# What is required
Reproduce all of the data exactly. Images are not to appear in the reply.

# Collected material
= Beginning of Section =
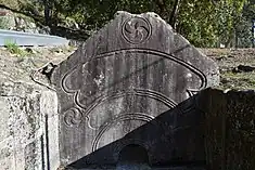 A decorated stone with swastika-like geometric figures, at the baths of Citânia de Briteiros.
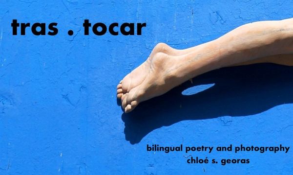 Tras . Tocar, un libro de poesía bilingüe e imágenes de Chloé S. Georas, nos advierte que no hay tacto sin trastocamientos ni roce sin riesgos. La autora define tras . tocar como "alterar el orden que mantienen ciertas cosas o el desarrollo acostumbrado de algo como consecuencia del tacto". Sus versos e imágenes son umbrales a paisajes cotidianos de intimidades apocalípticas, convocándonos a armarnos de vulnerabilidad para enfrentar con irreverencia el sentido común que hornea las violencias del pan nuestro de todos los días.
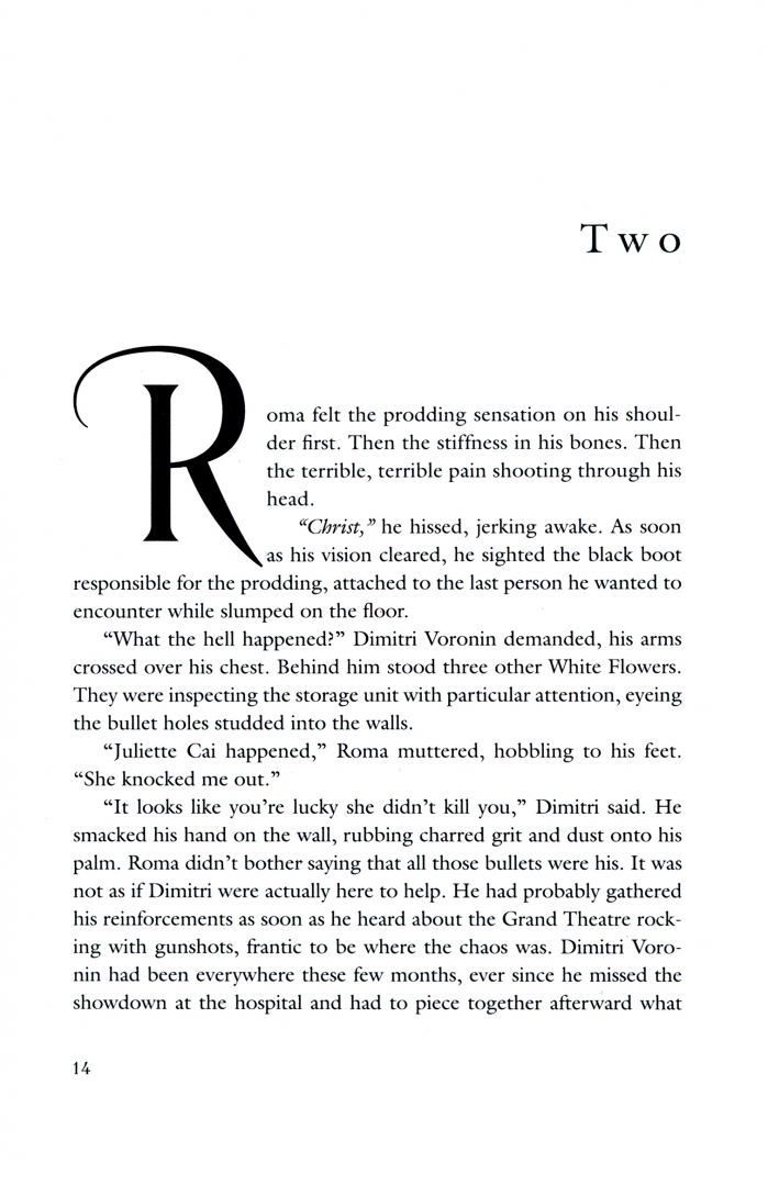 Then a new monstrous danger emerges in the city, and though secrets keep them apart, Juliette must secure Roma's cooperation if they are to end this threat once and for all. Shanghai is already at a boiling point: The Nationalists are marching in, whispers of civil war brew louder every day, and gangster rule faces complete annihilation. Roma and Juliette must put aside their differences to combat monsters and politics, but they aren't prepared for the biggest threat of all: protecting their hearts from each other.
= End of Section =
# Result for this task
 A decorated stone with swastika-like geometric figures, at the baths of Citânia de Briteiros.
 Tras . Tocar, un libro de poesía bilingüe e imágenes de Chloé S. Georas, nos advierte que no hay tacto sin trastocamientos ni roce sin riesgos. La autora define tras . tocar como "alterar el orden que mantienen ciertas cosas o el desarrollo acostumbrado de algo como consecuencia del tacto". Sus versos e imágenes son umbrales a paisajes cotidianos de intimidades apocalípticas, convocándonos a armarnos de vulnerabilidad para enfrentar con irreverencia el sentido común que hornea las violencias del pan nuestro de todos los días.
 Then a new monstrous danger emerges in the city, and though secrets keep them apart, Juliette must secure Roma's cooperation if they are to end this threat once and for all. Shanghai is already at a boiling point: The Nationalists are marching in, whispers of civil war brew louder every day, and gangster rule faces complete annihilation. Roma and Juliette must put aside their differences to combat monsters and politics, but they aren't prepared for the biggest threat of all: protecting their hearts from each other.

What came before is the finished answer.